Armed security on board were quickly overwhelmed, subdued, and tied up using what witnesses described as “surprisingly professional knots.”
Drivers were detained without injury and politely told to “nae panic.”
With the convoy immobilised, additional whisky crates were rolled into place behind the lorries, blocking any chance of rescue. What followed was described by investigators as “disturbingly efficient.”
Hundreds of haggis descended on the trucks in tight formation, unloading the giant marshmallows piece by piece.
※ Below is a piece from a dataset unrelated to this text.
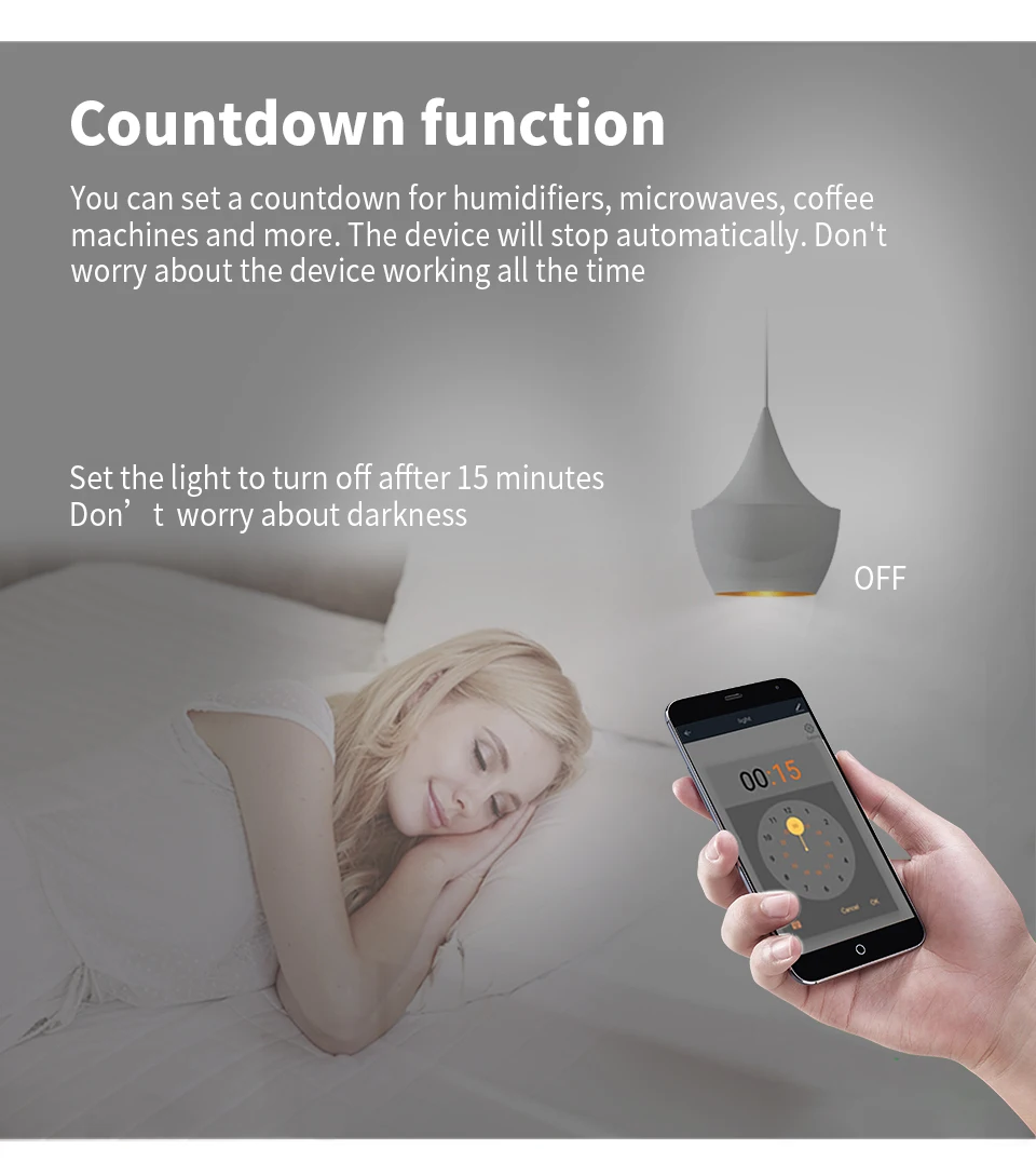 Вы можете установить обратный отсчет для увлажнителей, микроволн, кофемашин и многого другого. Устройство остановится автоматически. Не беспокойтесь о том, что устройство работает постоянно.

Each haggis carried a single portion, scurrying off into the surrounding hills with military precision.
Observers say it was clear the plan had been rehearsed for years.
As the final truck was being cleared, a second and third wave of haggis poured over the ridgelines, ensuring no marshmallow was left behind.
Within ten minutes, every vehicle stood empty.
By the time authorities arrived, the haggis had vanished into the distance, leaving behind only abandoned lorries, shredded tyres, broken whisky bottles, and one truck spray painted with the message,
“THE HAGGIS BANDITS STRIKE AGAIN.”
Officials now believe the same group may be responsible for the infamous Louvre Heist, citing the identical use of diversion tactics, teamwork, and an unsettling knowledge of logistics.
The marshmallows have not been recovered.